Juneau is a jewel of a town.
With just 31,000 residents, it’s also our country’s fifth smallest capital city in terms of population. I would argue that small really is beautiful and by embracing that smallness, we can keep Juneau affordable and livable well into the future.
For over a year, proponents of a new performing arts center (JACC) have mounted a promotional campaign to convince Juneau voters to help pay for construction of an oversized 44,500-square-foot, two-story, $26 million facility. (For perspective, Centennial Hall is 19,680 square feet.)

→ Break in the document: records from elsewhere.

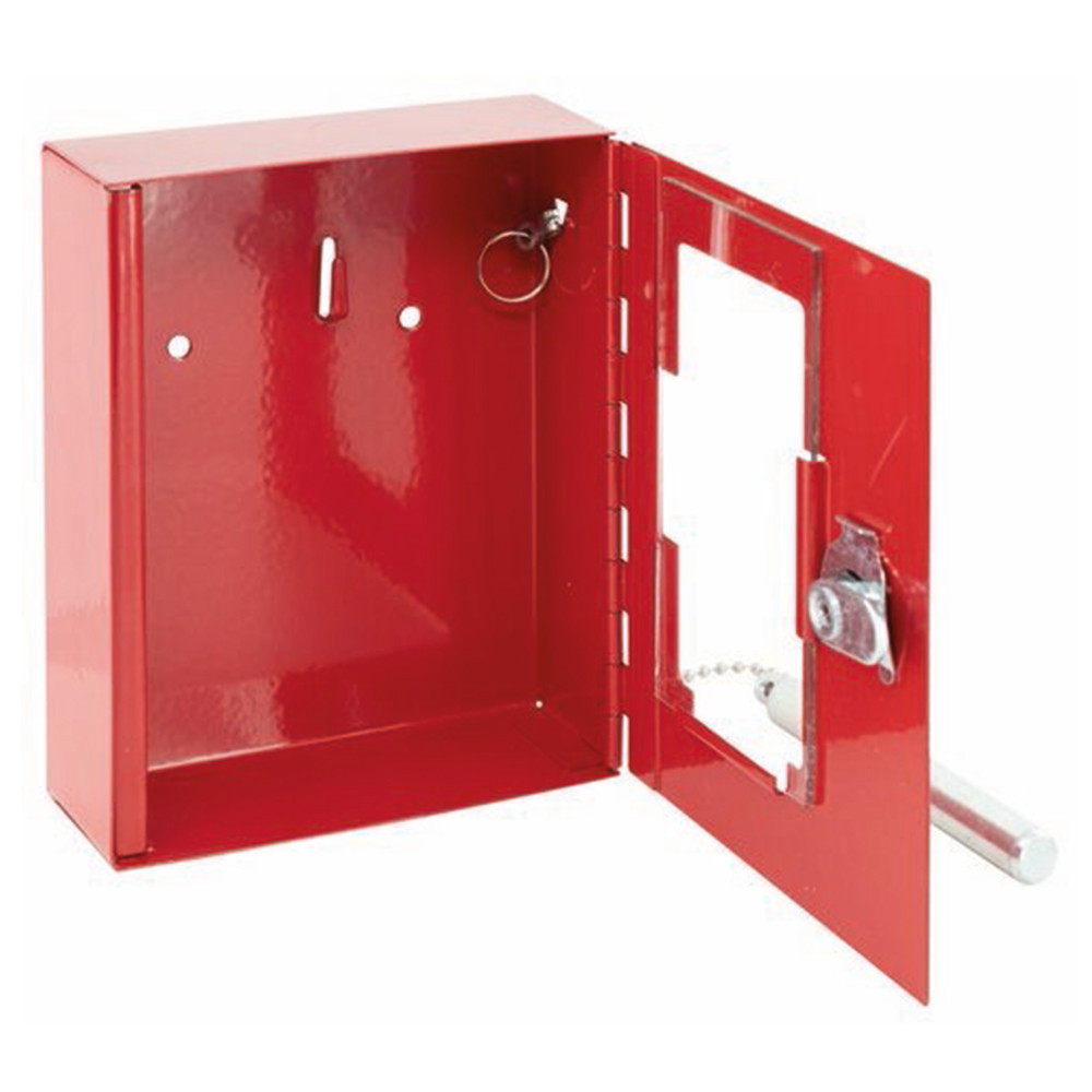 A kulcsszekrény masszív fémházzal készül, kulcsos zárral és egy belső akasztóval a vészkulcs biztonságos elhelyezéséhez.
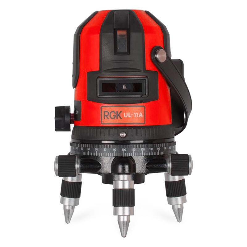 RGK UL-11 с высокой точностью - ±1мм на 5м - строит две перпендикулярных плоскости (вертикальную и горизонтальную) с развёрткой по 110°. С высокой точностью навести плоскость на нужную поверхность позволяет вращающийся на 360° корпус прибора, оснащённый горизонтальным лимбом и двумя винтами точной наводки.
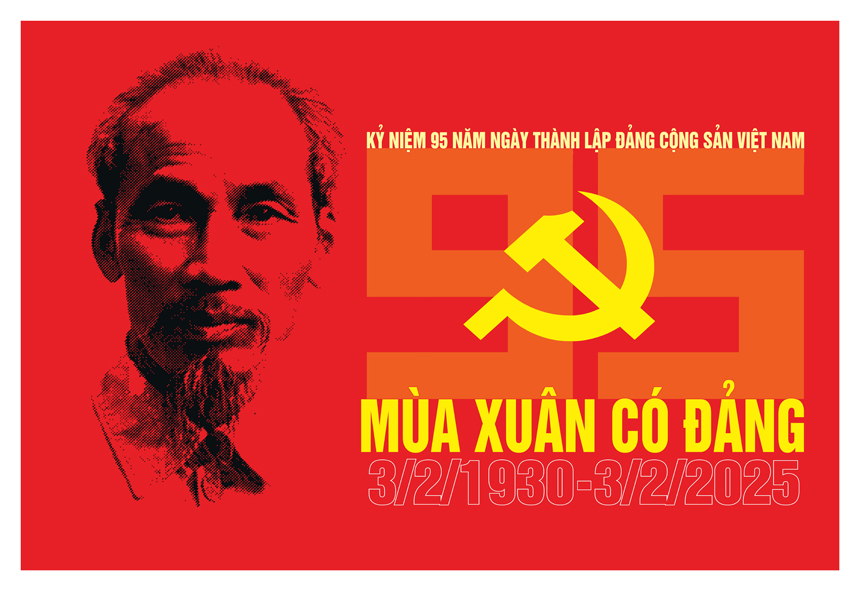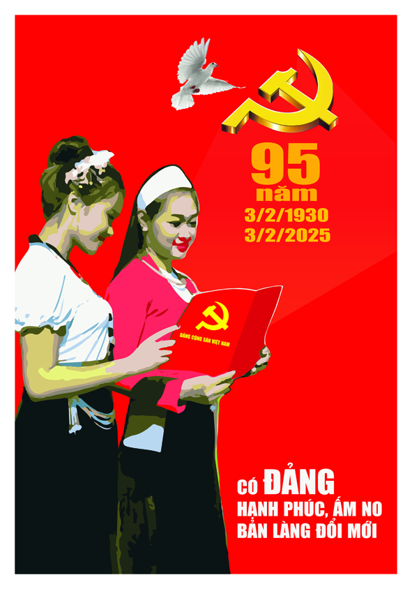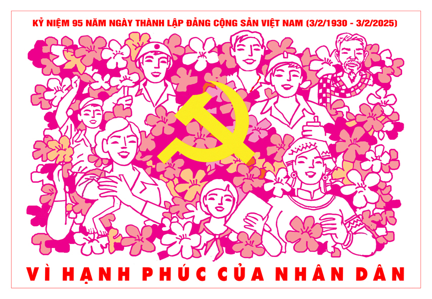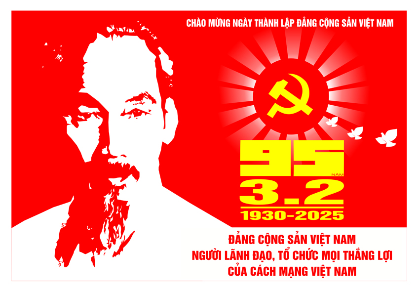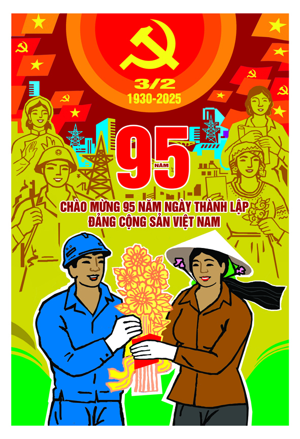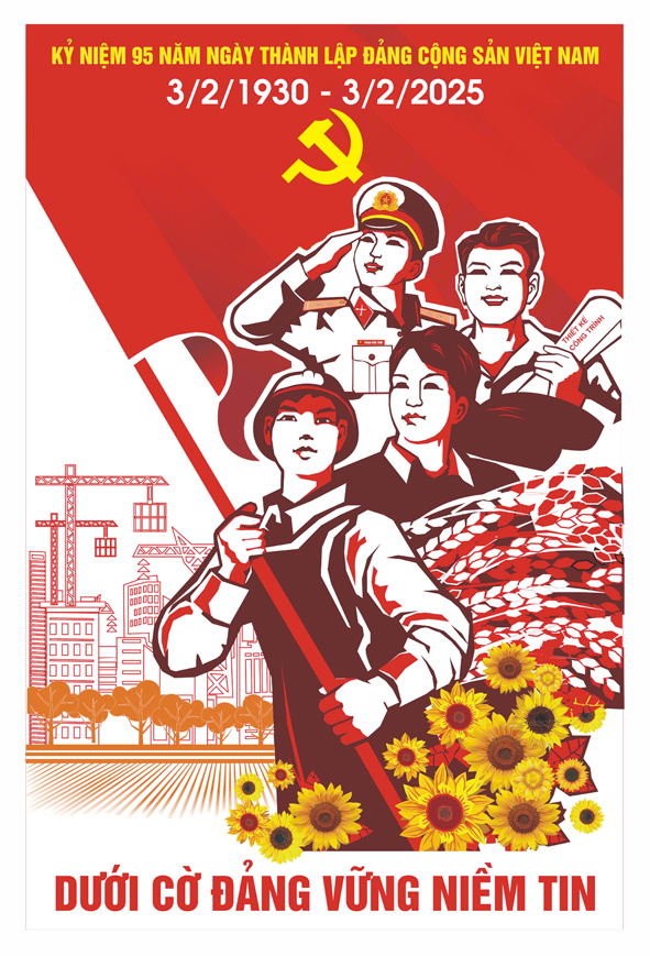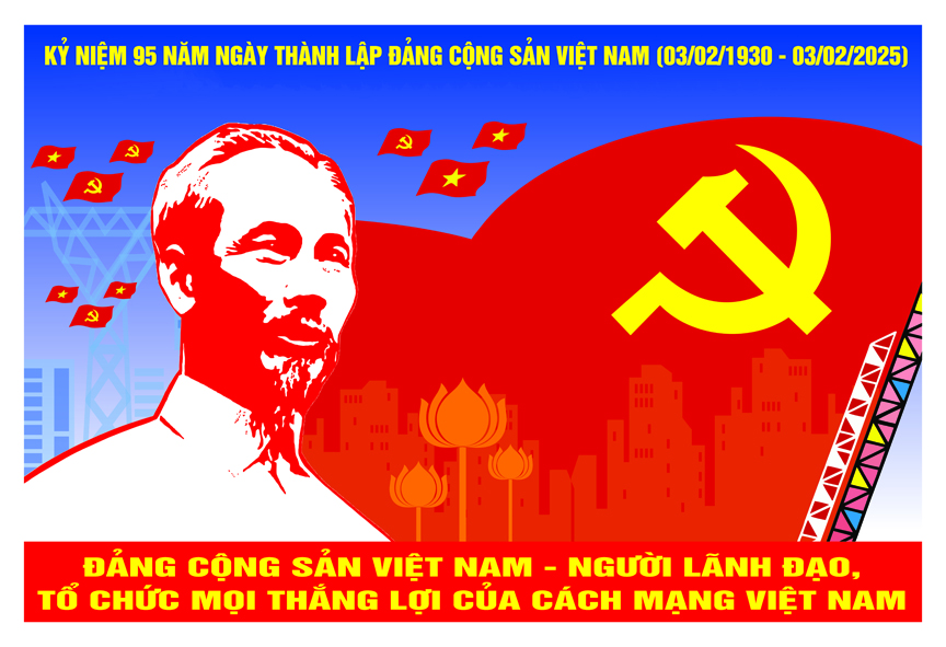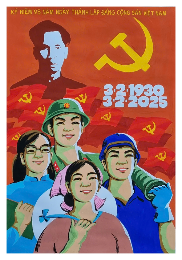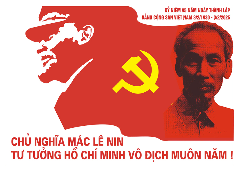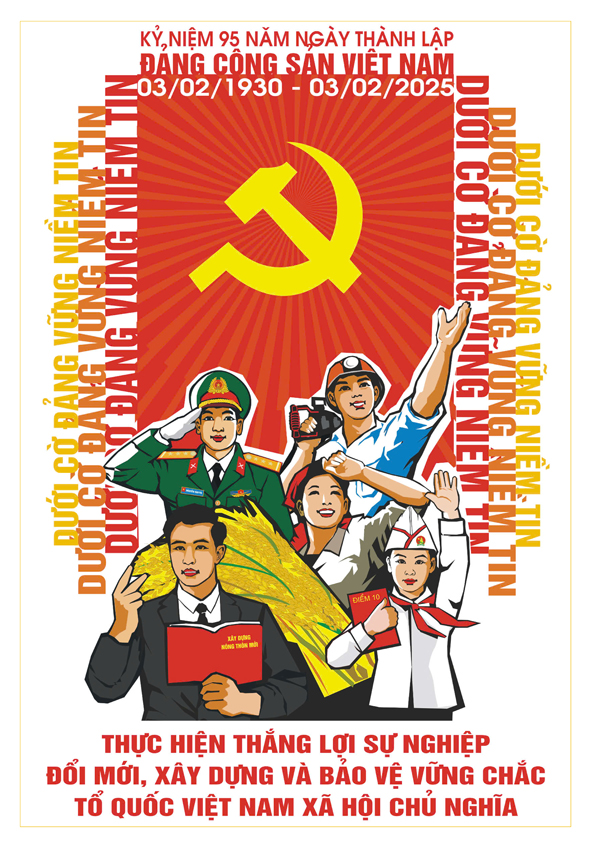 Tranh cổ động tuyên truyền kỷ niệm 95 năm Ngày Thành lập Đảng Cộng sản Việt Nam (03/02/1930-03/02/2025)

Some supporters signed on early when the original concept was somewhat more modest and no public funding was anticipated. After plans ballooned and the cost exploded, many community members began questioning the scale and price tag of a project that now demands our tax dollars.
Promoters seem to suggest that the arts in Juneau are in a state of emergency. Yet somehow, as a JACC zealot tells us, the Western States Arts Foundation ranks Juneau as one of the country’s top 10 small cities for creative vitality and vibrancy.

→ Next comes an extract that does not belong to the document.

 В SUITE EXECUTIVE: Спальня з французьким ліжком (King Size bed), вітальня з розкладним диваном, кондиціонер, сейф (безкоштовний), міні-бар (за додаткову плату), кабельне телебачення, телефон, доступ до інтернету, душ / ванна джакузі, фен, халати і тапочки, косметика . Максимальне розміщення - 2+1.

We’ve been admonished that “Juneau is the only capital city in the country without a performing arts center.”
Well, we’re also the only capital city in the country without road access — unlike Santa Fe, New Mexico, a capital city which some suggest should be our model.
Santa Fe (population 84,000) is located within an hour’s drive of Albuquerque (population 560,000) and in comfortable driving distance of numerous communities in the four states bordering New Mexico. That makes it relatively easy and inexpensive for visitors to access and support its cultural resources.
But Juneau could be the Native art capital of the Northwest if only we had a $26 million performing arts center?
I would submit that Juneau has a world-class Native arts presence on display at both the Walter Soboleff cultural and research center, and especially in the galleries of the Father Andrew P. Kashevaroff Library, Archives and Museum Building.
Perhaps more correctly, Juneau could be (and have) just about anything we wanted if we only had a road — and a growing population. But we don’t have either.
The arguments for a 44,500-square-foot JACC deny the stark reality of the state budget and Juneau’s demographics.
Here’s an inconvenient metric to ponder: According to the Alaska Department of Education and Early Development, in 1998-1999, Juneau’s K-12 school enrollment totaled 5,740. By the 2018-2019 school year, K-12 enrollment had dropped to 4,567.
A 44,500-square-foot JACC will require an ever-expanding universe of patrons to meet the revenue projections proponents claim are possible. How will they manage expenses without undercutting the competition and diminishing the rental income streams of smaller venues?
What’s sorely missing from this conversation is a sense of proportion and a measure of modesty. That old-fashioned virtue shows up in another capital city.
About equal in population to Juneau is Helena, Montana. Helena is also a highly cultured community with a history as a regional center for the performing arts.
In 1976 Helena’s municipal offices moved from the (1919) Algeria Shrine Temple to the renovated (1904) federal building, and the Algeria Shrine was converted to a convention/civic center akin to Juneau’s Centennial Hall.
Then, in 1991, Helena transformed its (1894) Lewis and Clark County Jail into a performing arts center, and named it for actress Myrna Loy, who grew up down the street. The community raised the funds to renovate the historic downtown structure into a state-of-the-art venue for concerts, films, art exhibits, and arts education experiences. Known as one of the most vibrant small arts organizations in the rural West, the Myrna Loy is a fully equipped facility with an auditorium, theatre and gallery. And it’s about 7,500 square feet.
Helena embraced its “smallness” and with creativity, but not puffery, re-imagined and re-purposed existing buildings.
Not Juneau.
Rather than propose a less ambitious project, or attempt the hard work of an innovative remodel or inspired addition to Centennial Hall, our glitterati demanded big and brand new. City leaders swooned and got in line.
Perhaps we’re not that creative after all.
I’m voting “no” on Proposition 3.
• Paulette Simpson resides in Douglas. My Turns and Letters to the Editor represent the view of the author, not the view of the Juneau Empire.